Although thats probably not whats going to happen if google gets broken up but I‘ll still happily pay for firefox just for the sake of breaking up google.
This might be a best case scenario. It won’t happen, Mozilla has been turned into a corporate funds receiver for years. That CEO compensation doesn’t pay for itself. Imagine paying for actual software engineering work.
This is clearly about all the youtube advertisement changes lately. (though maybe with a dolllop of not being happy about their other ads being blocked either) I've not seen a single one on FF with Ublock, no slowdown, no nothing. He was (as I understand it) making changes as needed to stay ahead of or abreast of them. (I already wasn't using their browser long before this.)
He beat them. They didn't crush him with their technical prowess and all their genius engineers, they didn't find a way to legally challenge him (I'm sure they had their lawyers working on it), they didn't find a way to outmaneuver him, the only thing they could do is ban his extension from being used on their browser. Because they literally could not force their shit down our throats as long as we were using it.

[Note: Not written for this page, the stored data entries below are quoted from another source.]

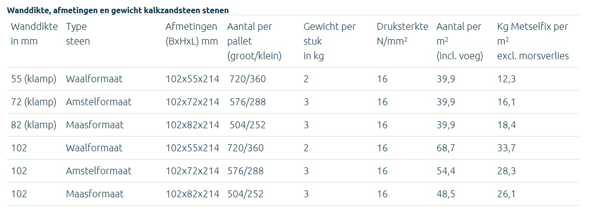 Mortelverbruik is bepaald bij een voegdikte van 10 mm.
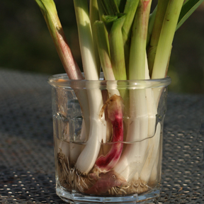 1/2 – 3/4 lb. trimmed green garlic (13 -15 1/4″ thick stalks), thinly sliced
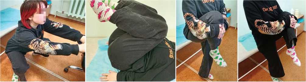 Пациентка была осмотрена травматологом-ортопедом Архангельской областной клинической больницы через шесть и 12 мес. после операции. Результатом лечения пациентка довольна, ходит с полной нагрузкой на обе нижние конечности, не хромает. Отеки, деформации в области конечностей не определяются. Приседания — безболезненные, движения в коленных, тазобедренных суставах не ограничены, безболезненные (рис. 4). Послеоперационные рубцы в области таза — без воспалений. Нагрузка на крылья подвздошных костей — безболезненная. Чувствительность и движения пальцев стоп не нарушены. Функции тазовых органов сохранены.
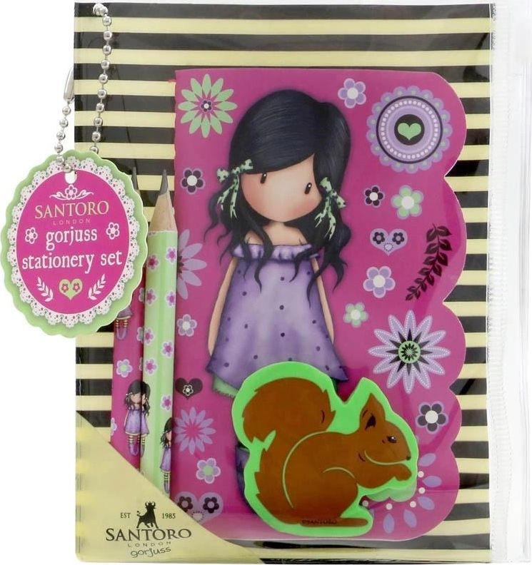 Το σετ αποτελείται από ένα τετράδιο με λείες, ροζ σελίδες, 2 μίνι μολύβια και μια γόμα σε σχήμα σκίουρου. Θα είναι χρήσιμο τόσο σε σακίδιο πλάτης όσο και σε τσάντα.
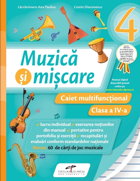 Caietul multifuncțional de Muzică și mișcare, clasa a IV-a este structurat ca un suport pentru Muzică și mișcare. Manual pentru clasa a IV-a, Editura CD PRESS, câștigător pe locul I la licitația MENCȘ.
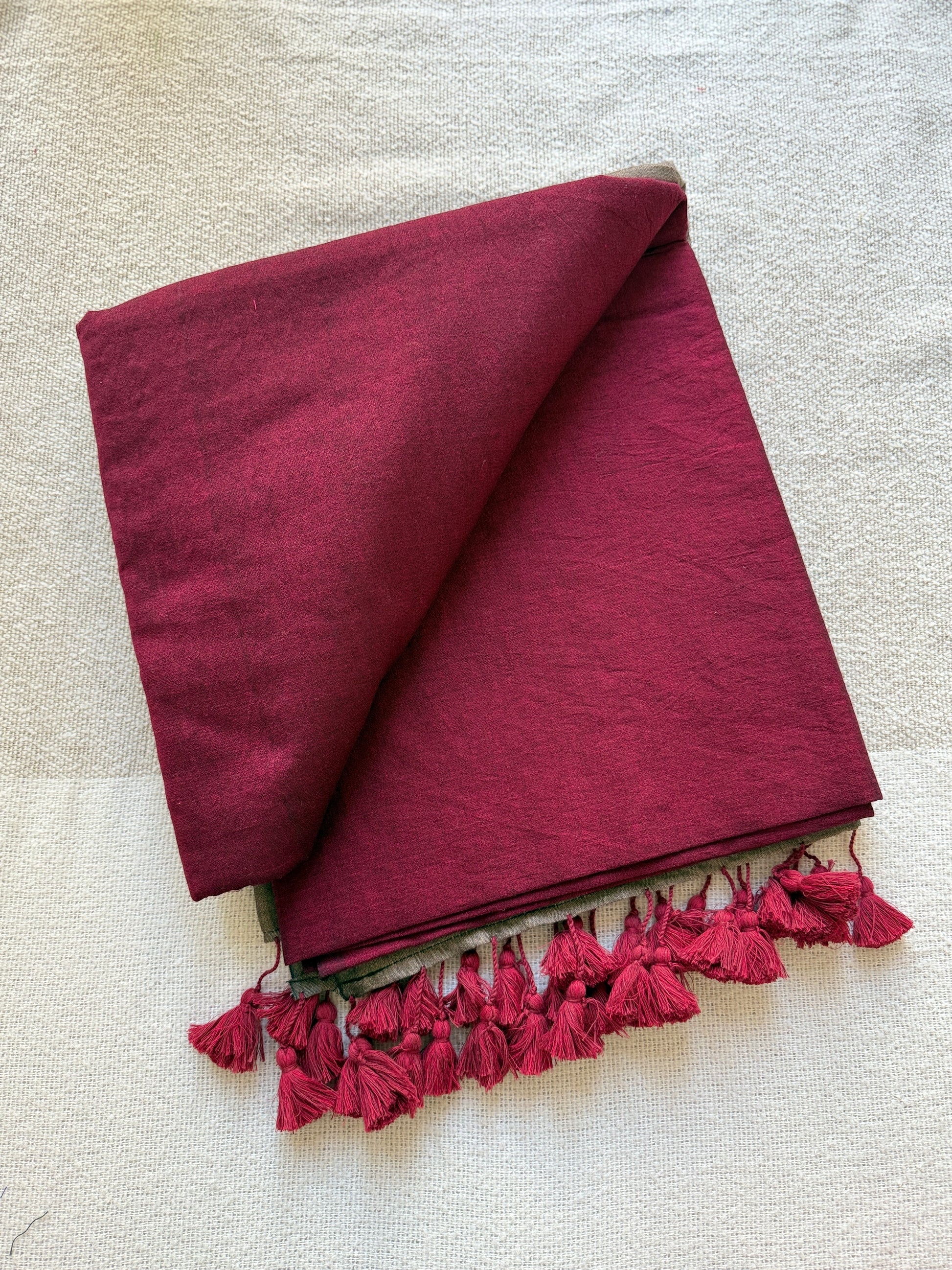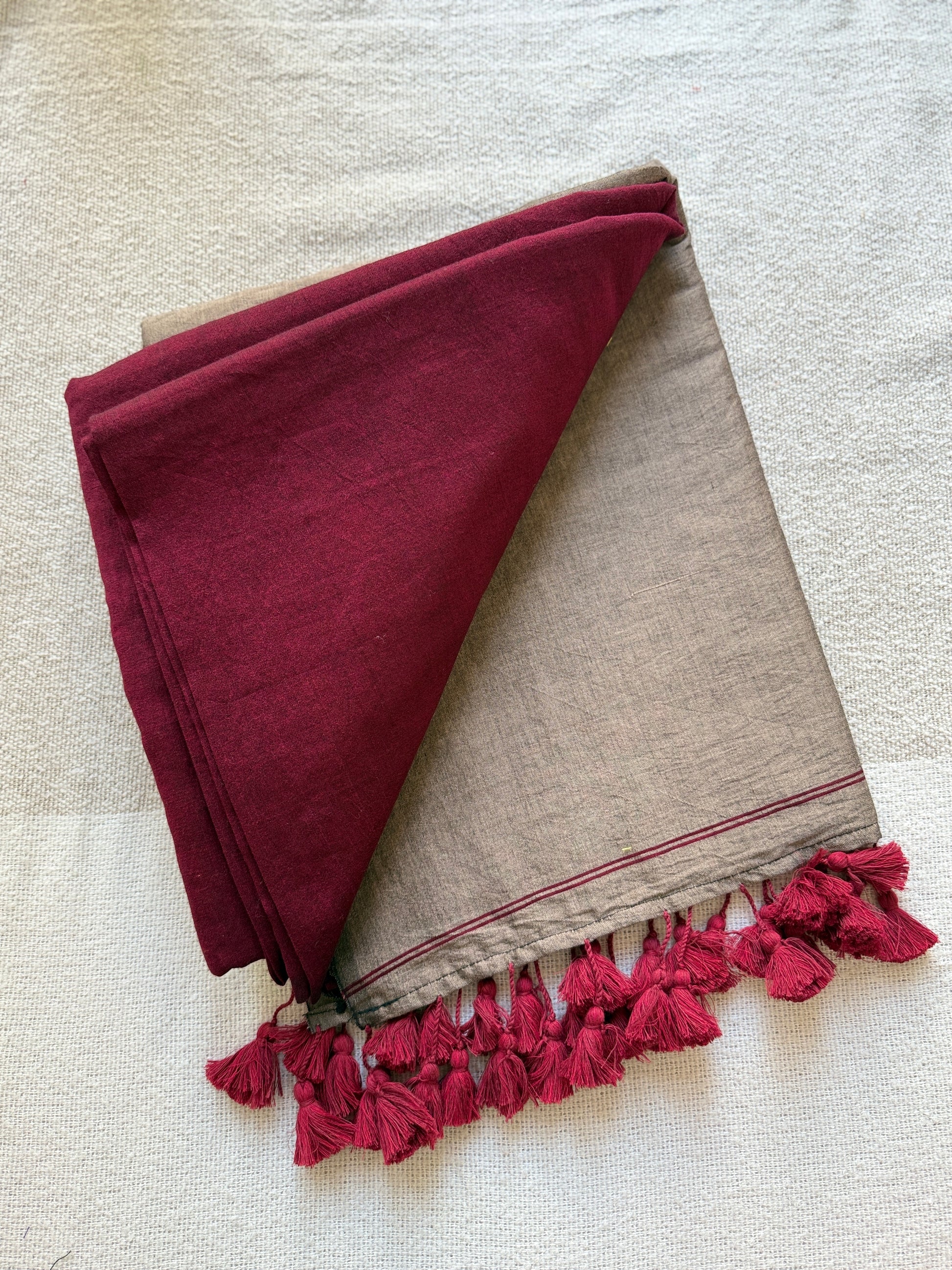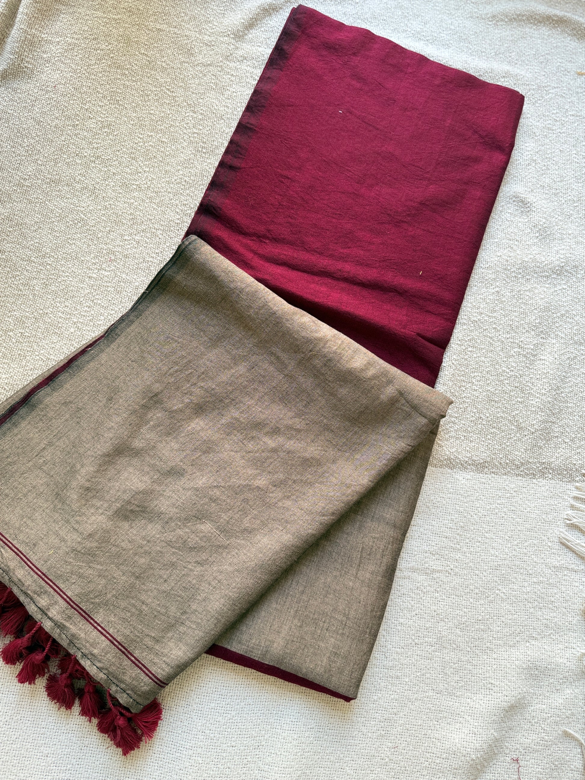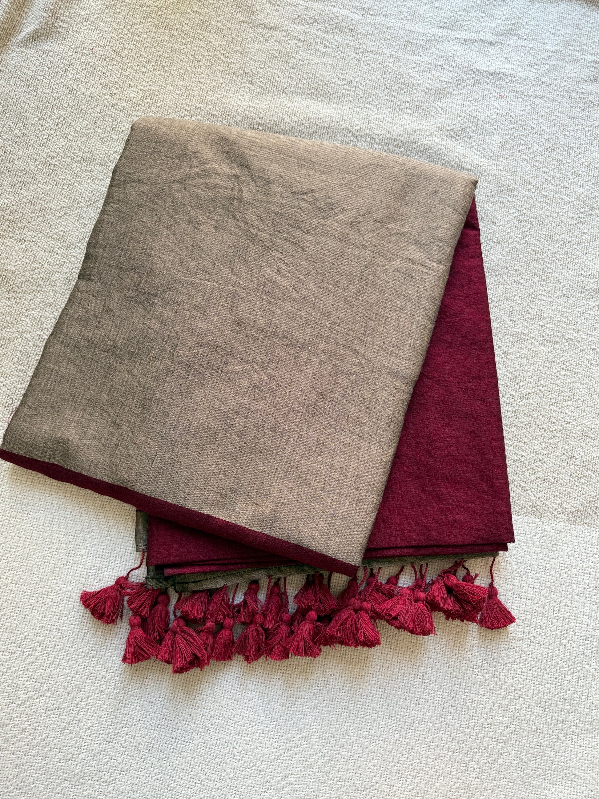 This dual-tone saree features a plain, minimal body paired with a beautifully contrasting pallu.

So I guess, maybe not a beat for beat fit for the parable, but he's very much the little guy, and they very much are the gigantic IT megacorp, so I think it was a glorious victory.
I'd call it a pyrrhic victory at best. It's like if Ukraine got Russia to use their nukes on them and there was no response from the rest of the world. Sure, you got them to use their strongest weapon, but you still got nuked and they'll continue as usual.
Manifest V3 was well on its way to being implemented before the aggressive youtube advertisement push. It was well known (to people who cared) it would kill uBlock back in 2019.
Still chromium at the end of the day. Anything they have control over has the potential to be ruined by them. Don't give them the chance, just fix the problem and use Firefox.
I mean, Vivaldi absorbs whatever changes they like from Chromium, but it's not whole cloth. Vivaldi is specifically not implementing V3 and maintaining compatibility with existing addons.
According to their blog they will stop supporting v2 next year.
"We will keep Manifest v2 for as long as it’s still available in Chromium. We expect to drop support in June 2025, but we may maintain it longer or be forced to drop support for it sooner, depending on the precise nature of the changes to the code."
Thats not "will stop", that's "may stop if it becomes unsupportable". Google would have to be activly adding code that fucks with V2 support in order to make it impossible to support it. It's not gone until it's gone.
Meanwhile, in Firefox land, they had no external pressure, and continuously removed features the users wanted, despite outcry from those users.
Is Firefox the better option just because its not Chromium based? That's not clear. What is clear to me is that I don't particularly trust Google OR Mozilla to do the right thing, and (despite using Chromium as a basis for their browser), Vivaldi is doing everything I'd want a dev to do. I wouldn't put it past them to stop taking updates from the main Chromium repo and just start doing their own thing (if Chromium becomes too much of a pain to deal with).
People are complaining that having a mono-browesr is a problem, and I don't disagree, but Google and Mozilla are both assholes that don't listen to their users. Maybe we should be paying more attention to that than which codebase they use.